The crux is that the output signal is bandwidth limited. Sudden fast changes can't exist anywhere else than inside the computer. A square peak in a row of digital audio sample points does NOT translate to a square topped wave on the output of the DAC. Rather the DAC will reconstruct the waveform peak back to something much like the level it had prior to clipping. In fact, most any processing involving filtering or bandwidth change, mp3'ing and so on, will recreate those 'hidden' peaks.

Try a change of bandwidth, say a sample rate conversion(SRC) from 44.1kHz to 192kHz. Depending on the nature of the clipping, this can easily create peak levels in the waveform that goes several dB's higher than the "brick walled" waveform initially indicates! Attached is an image of a typical loud master, before and after SRC from 44.1 to 192 kHz. Volume was lowered 6dB prior to processing. The sample peak level now indicates 2.5dB higher peak levels.

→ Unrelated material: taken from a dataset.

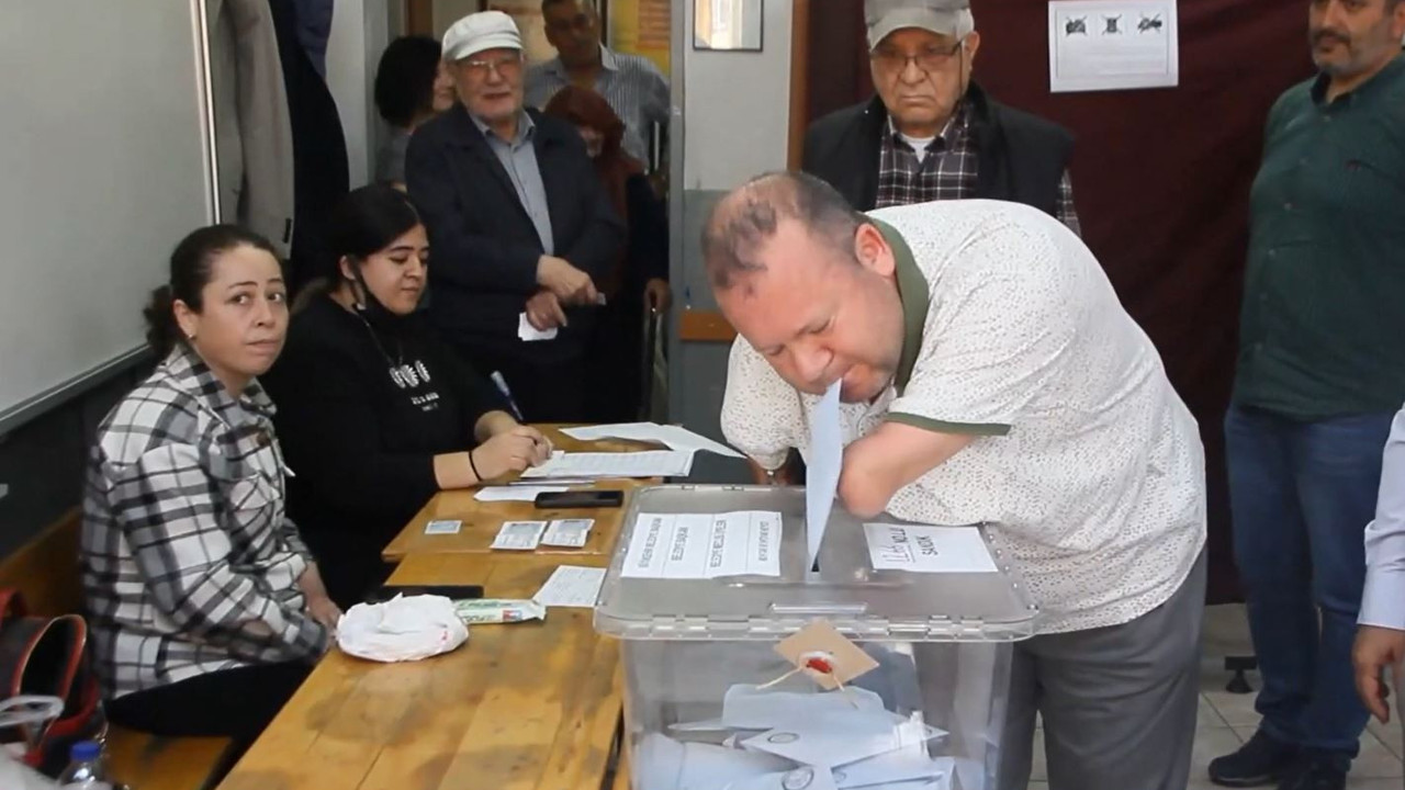 Yıllar önce elektrik çarpması sonucunda iki kolunu kaybeden 45 yaşındaki Bülent Bodur, eşiyle birlikte geldiği okul binasında bulunan 1266 numaralı sandıkta oyunu kullandı.

That's the beauty of clipping(and poor limiting) and probably the reason why many people thinks it sounds better than proper limiting. The clipped waveform doesn't loose all the peak level information. Those peaks are still existing in the digital audio stream, in a modified way, waiting to hit the consumer end where there hopefully is a 1000+ dollars state of the art digital->analog converter. Or not. Research by Nilsen and Lund at TC Electronics, available in the tech library on the TC website, indicates that most consumer CD player DAC's does not handle this abuse. In most cases, what sounds good IS good, but in this case - what sounds good only sounds good on expensive equipment. The master engineer have no possible way to know what's going to happen at the consumer end.

The problem is compounded when there is other processing involved, like a sample rate conversion or a psychoacoustic coding. In the picture example below, the gain was set at -6dB prior to processing to allow headroom for the new and extended peaks that 'suddenly' appeared after the SRC. In most real life conversions, like a consumer coding and decoding an MP3, there will be no headroom since the digital master is already set at maximum digital level. The result is distortion and more clipping.

So what's the solution? You could oversample the wave files to ridiculous degrees to get an idea what the reconstructed wave form looks like. Or.. The neat way: use an oversampled peak meter. If the sample rate is set high enough in the peak meter, it will indicate what's really going on at the output end of the system.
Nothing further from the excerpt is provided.